Harvard visibly swallowed and looked away first, adjusting his glasses and taking a great interest in his laptop screen. Marcus looked at him with pity, Jesse with the assessing eye of a medical professional. Jean-Luc shifted uncomfortably and for a moment, Seth almost took pity on him . The Ragin’ Cajun didn’t do well with heavy stuff and right now, a thousand-pound elephant sat in the middle of the table. Quinn nodded once in his direction, a gesture of respect. Gabe stood at the front of the table, silent and stone-faced. Ian, one arm draped over the back of the chair beside him, rolled his eyes.
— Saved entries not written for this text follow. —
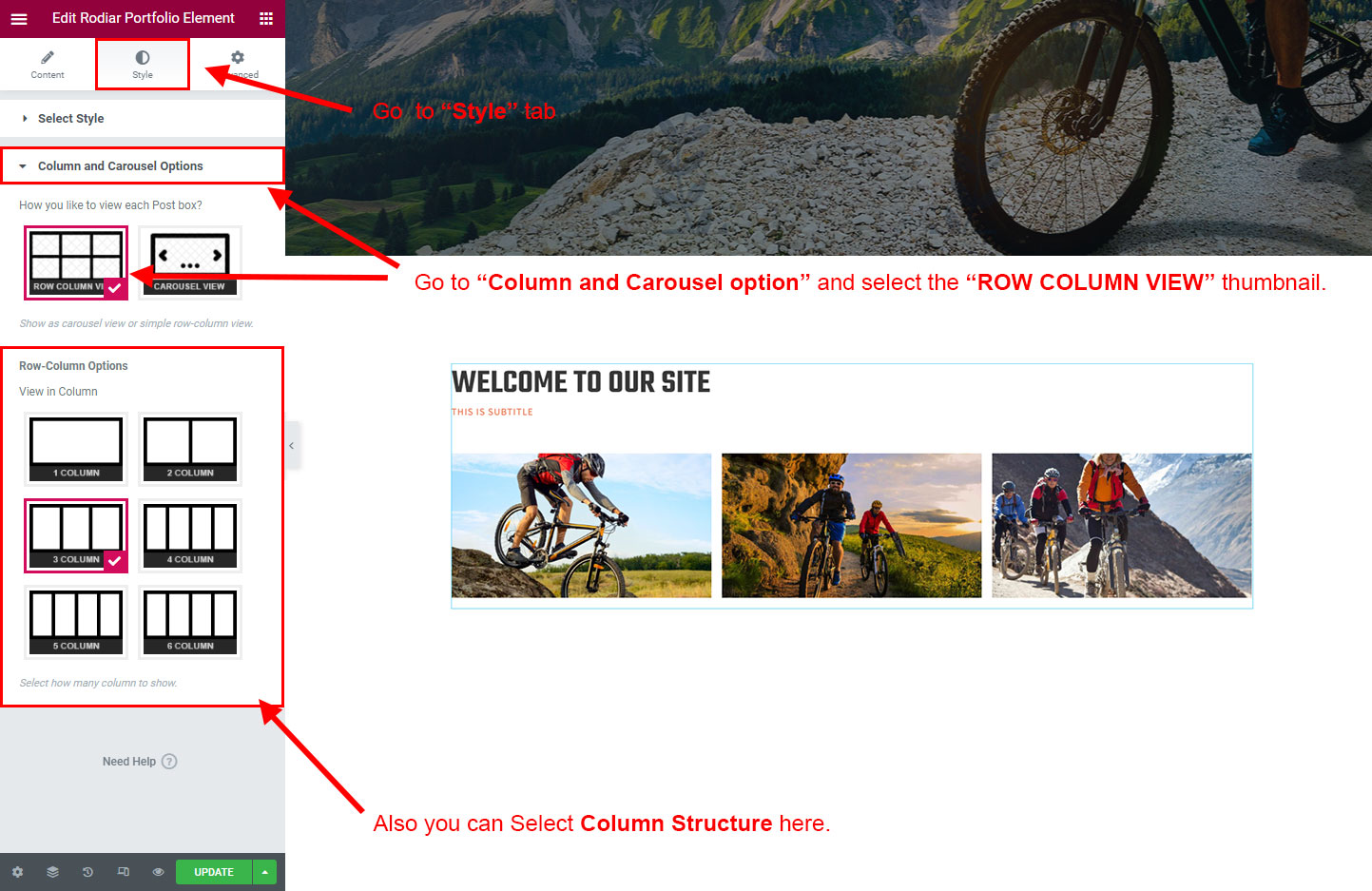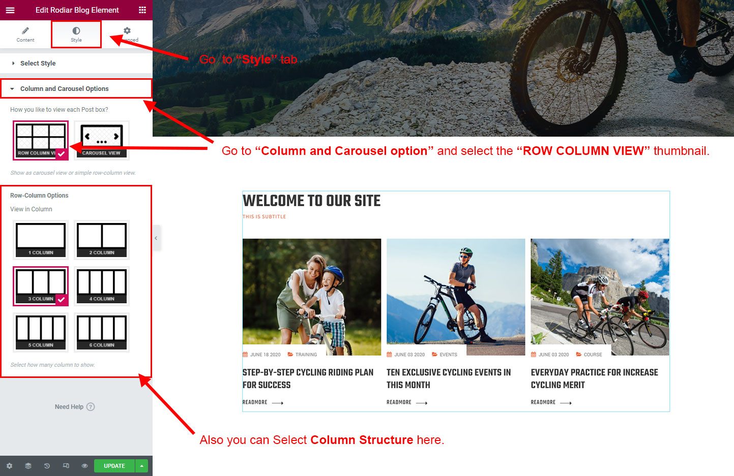 You can select how your post boxes will appear. Either Row/Column view or Carousel (sliding animated) view.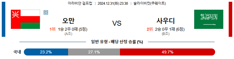 오만 대 사우디아라비아 걸프컵 12월31일 맞대결 생중계, 스포츠중계, 스포츠분석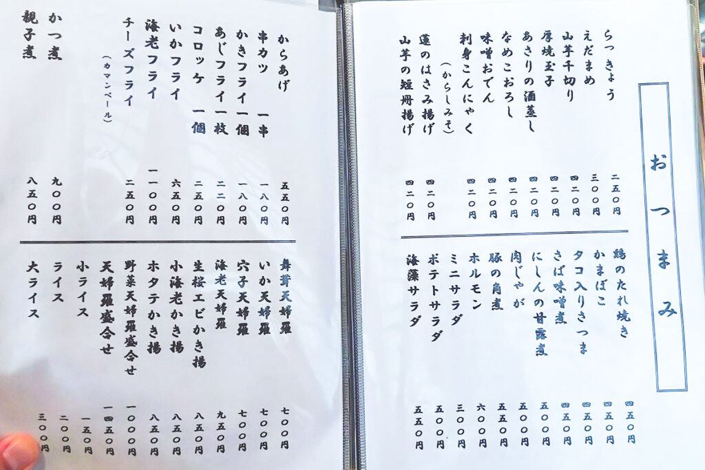 よく見たら、蕎麦前のおつまみも大変充実しています。通いたくなるなぁ。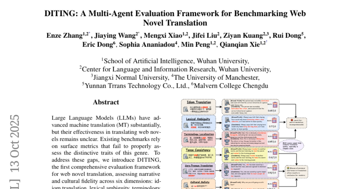 这项由武汉大学人工智能学院的张恩泽、王佳颖、肖梦溪等研究人员领导的研究于2025年10月发表在计算机科学期刊上,论文编号为arXiv:2510.09116v2。有兴趣深入了解的读者可以通过该编号查询完整论文。这个研究团队首次提出了名为DITING(帝听)的综合评估框架,专门用于评估大型语言模型在网络小说翻译方面的表现。
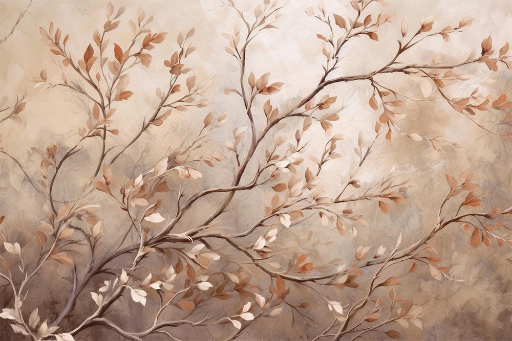 • Ağaç dalları ve Yapraklar , vintage duvar kağıdı 3 boyutlu şekilde satın alın!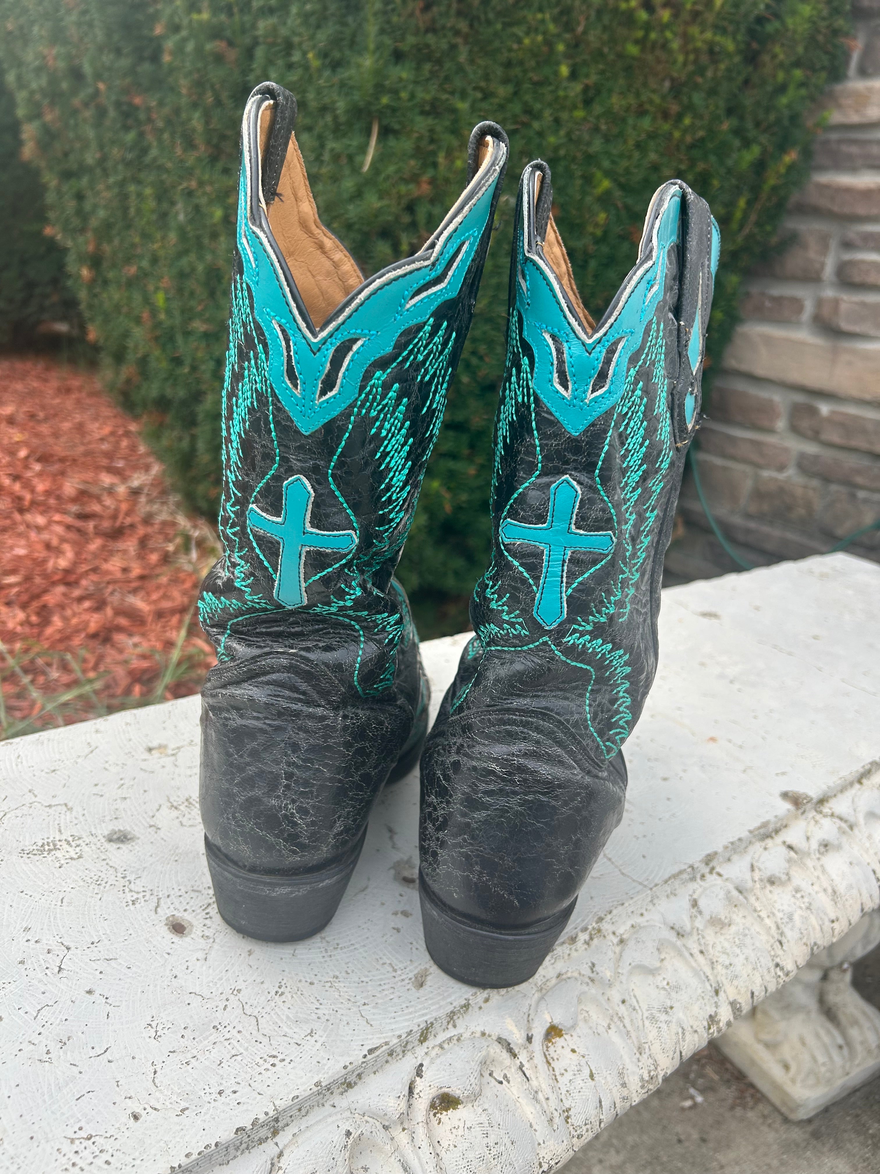 Step into bold style with the J.B. Dillion Cowgirl boots. Featuring a striking turquoise cross design against sleek black leather, these boots bring a pop of color and personality to your look. Perfect for adding a playful twist to your cowgirl vibe, they combine eye-catching detail with classic western flair. Ready to turn heads wherever you ride or roam!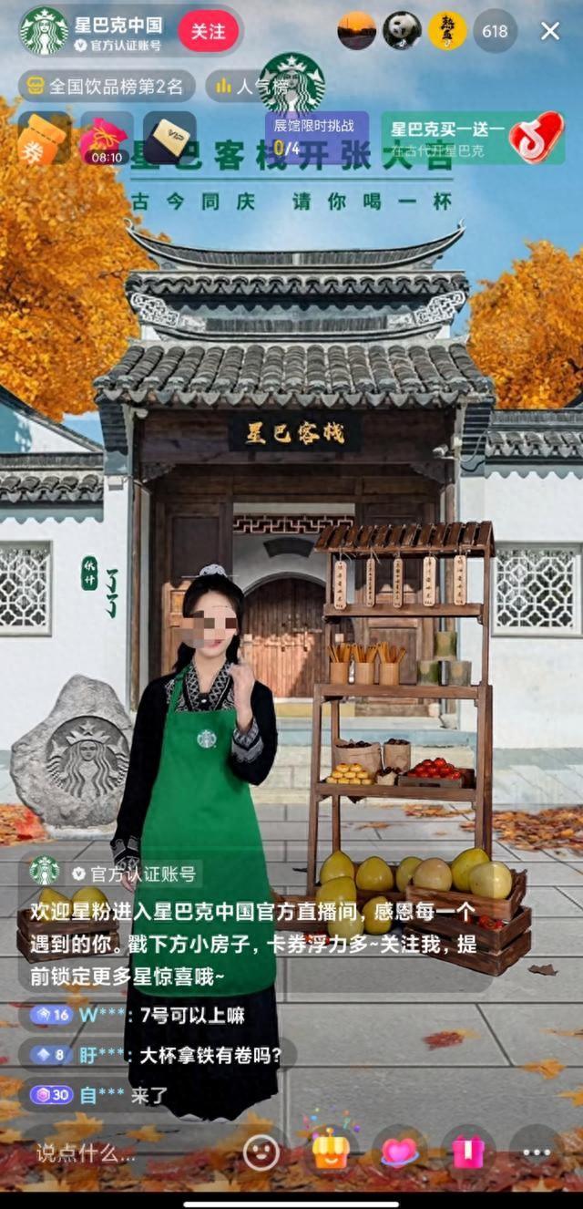 9月19日下午,星巴克自制短剧《我在古代开星巴克》第一集上线,该剧一共六集,讲述星巴克咖啡师意外穿越,和公主一起开“星巴客栈”卖咖啡的故事。剧中结合各位咖啡师的籍贯,特别露出了星巴克9月上市的新品,如来自秦晋的火晶柿子星冰乐、代表燕赵的板栗红豆拿铁等。红星资本局注意到,今日,星巴克抖音直播间也推出了短剧同款饮品,39.9元两杯等“星巴客栈开业福利”。
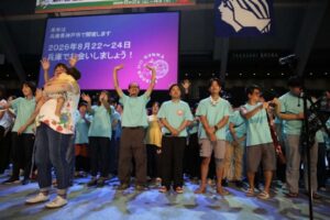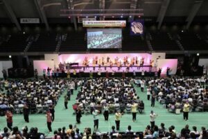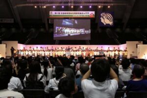 最後に、群馬から次回開催地・兵庫へとバトンが引き継がれ、全員で平和への願いを込めて『青い空は』を歌い閉会しました。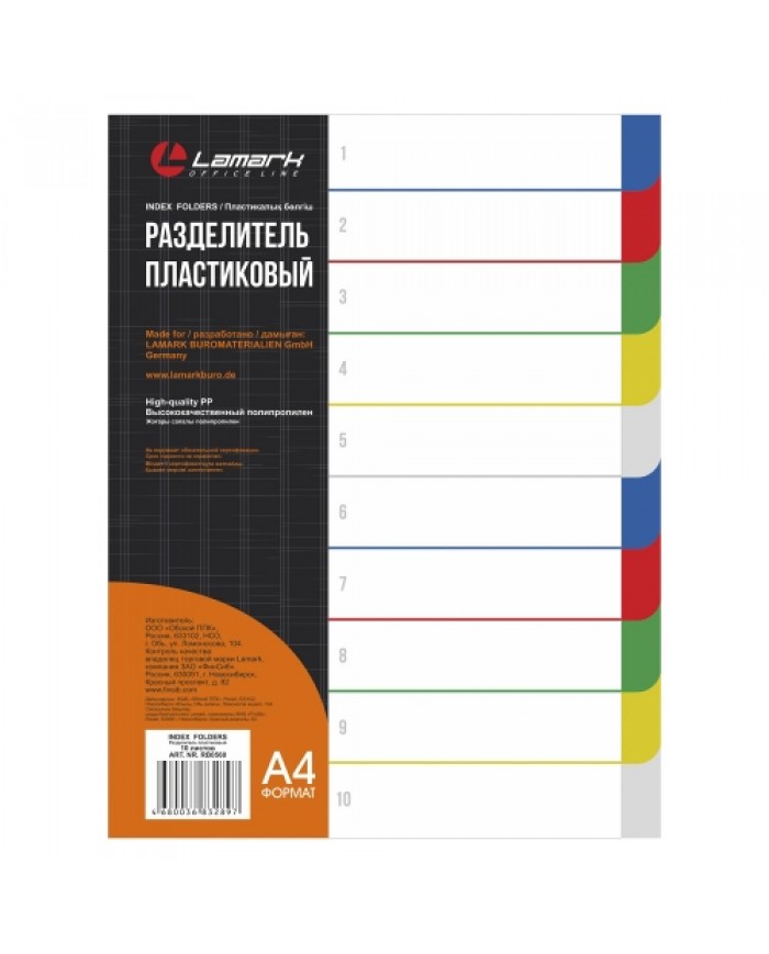 Индексные разделители Lamark формата А4 из плотного цветного пластика 0,14 мм с универсальной боковой перфорацией предназначены для классификации и систематизации документов, 10 листов. Высококачественный полипропилен (РР). Титульный лист с полем для записи в комплекте.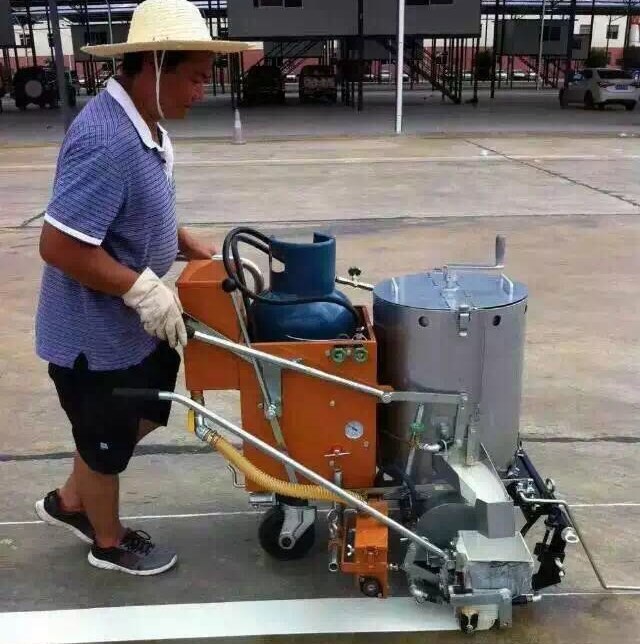 小型热熔式标线机是一种中国较普遍使用的简易型手推(扶)式标线设备。它具有投资少、重量轻、易装运、易操作、好维护等优势,适用各型公路、停车场、学校、工厂等场所热熔标线作业。金尊手推式热熔划线机施工时,将涂料投入划线机的保温熔融涂料箱中,之后在将溶融或液体涂料引入划线斗中,并且进行保温使物料保持熔融或流动状态。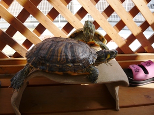 陸場も何箇所も作ったのにこの通り。ケースの水にどんちゃんが飛び込めば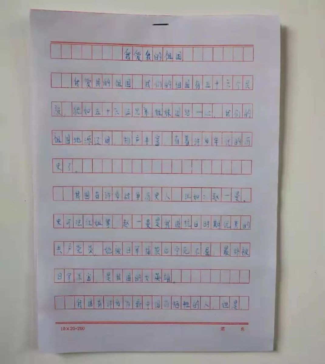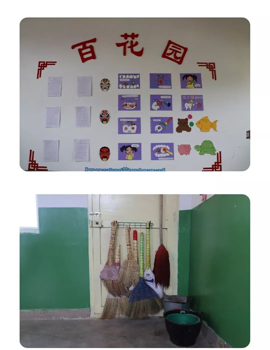 虽然只有20个学生,但6间教室布置得各有特色。五年级教室后墙上贴着彩色装饰物和学生作文。一篇题为“我爱我的祖国”的作文写道:“我们的祖国有五十六个民族,犹如五十六位兄弟姐妹团结一心。”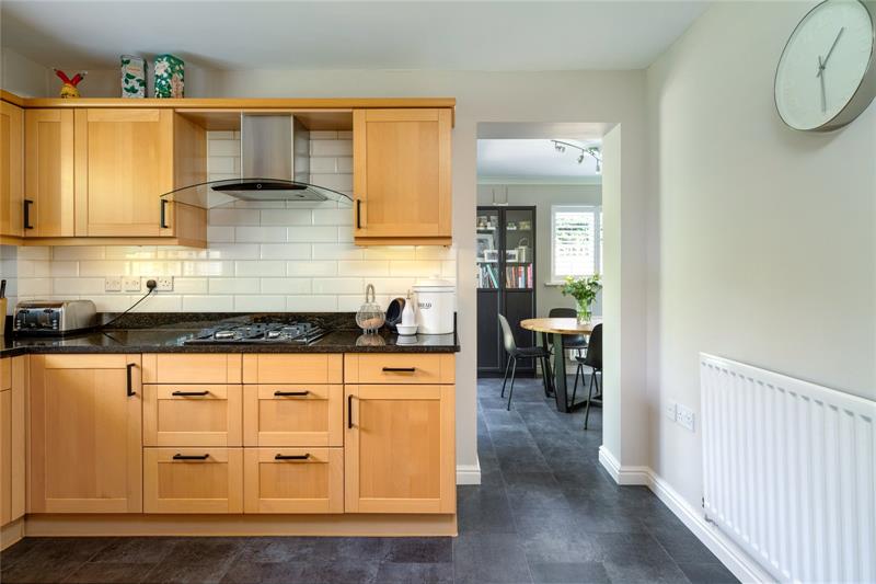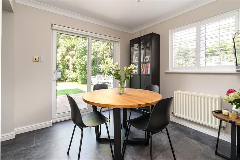 The refurbished kitchen features granite work surfaces, top of the range Bosch appliances, thoughtfully designed modern splashback tiling and Amtico flooring. If you require a more open plan living, the kitchen and dining room could easily be made into one large family space. With open access to the breakfast room, this double aspect room has been designed to offer delightful views of the exterior landscape, with sliding doors to the rear terrace, capturing the morning sun.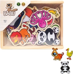 De set bevat dieren zoals een giraf, dolfijn, pinguïn en andere diverse wezens. De magneten zijn niet alleen vermakelijk, maar ook educatief en zijn een geweldige tool voor het verbeteren van het herkennen van dieren en kleuren.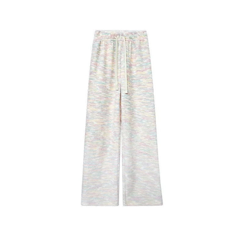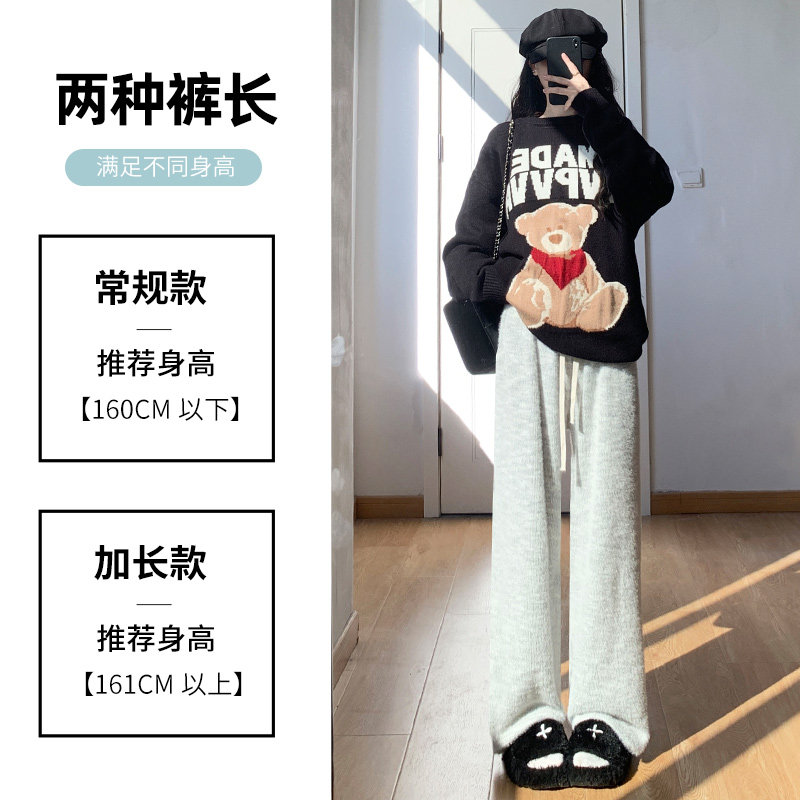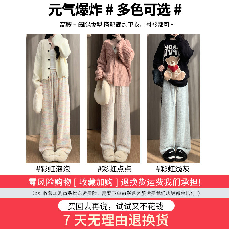 软糯春秋彩虹针织裤 高腰垂感加绒阔腿裤 女秋冬2025新款 灰色糯米裤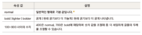 - 글자 굵기를 조절하는 속성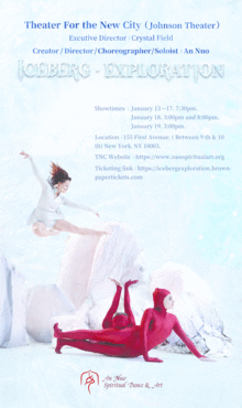 ICEBERG . EXPLORATION is a dramatic dance musical, which narrates a self internal exploration and growth through an adventure story. It awakes and make awareness of protecting our mother earth by presenting the magnificent beauty and power of natural landscapes. It is good for all age range, family, kids, seniors because bring lots of fun!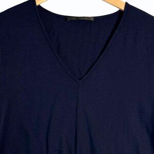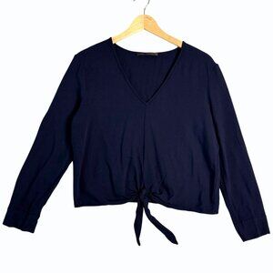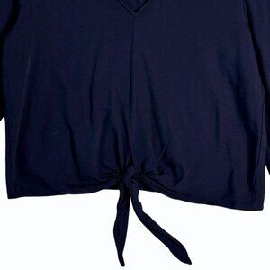 Jenni Kayne Womens V Neck Tie Front Blouse Size XS Navy Capsule Wardrobe Minimal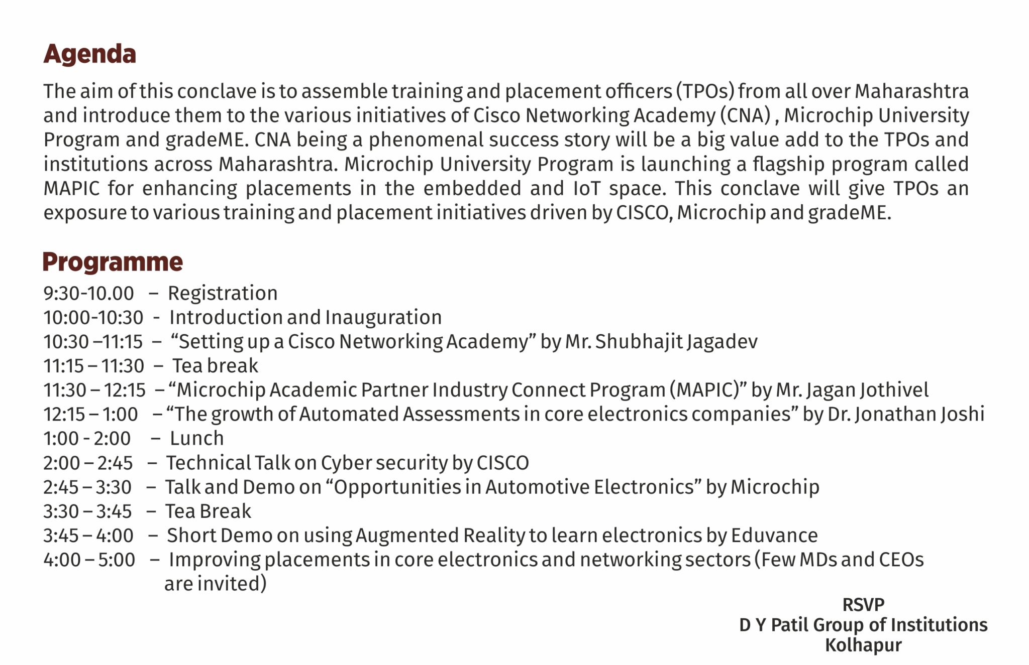 PUNE: On 29th of September D. Y. Patil Group of Institutions, Kolhapur, CISCO, Microchip, and Grademe collaboratively arranged the TPO- Industry conclave 2018.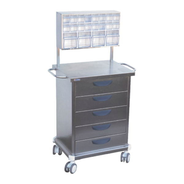 - Bins e gavetas em inox: compartimentos organizados para medicações e materiais.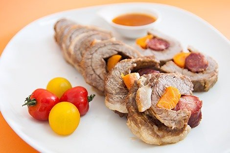 - Cubra com 1 fatia de presunto gordo ou com toucinho entremeado. Enfeite com 2 folhas de louro e 3 bagas de zimbro.

Seth dropped his arms, but didn’t reach for his sweatshirt. “I know how these militants work. If they haven’t already cut off Sergeant Hendricks’s head and they haven’t yet issued a ransom demand, then they’re torturing him.” He couldn’t help the crack in his voice on those last two words, but plowed onward, determined to be of some use to the team. “Maybe they’re trying to get info out of him, maybe not. Either way, Gabe’s right. They’re making an example of him—‘Look at the infidel, so weak, so broken. These are the men who want our country, who want to corrupt our women and our culture. See? We can beat them easily. We are powerful. Allah is on our side’…and so on. Even better if they can keep him alive and make a hundred examples out of him, day after day after day.”
Nobody spoke.
Seth grabbed his sweatshirt from the table, but paused before pulling it on. “Honestly, for Sergeant Hendricks’s sake, I hope we’re going in after a body. I hope it was a quick and easy death because I wouldn’t wish this”—he motioned to his chest—“on anyone except the assholes who did it to me.”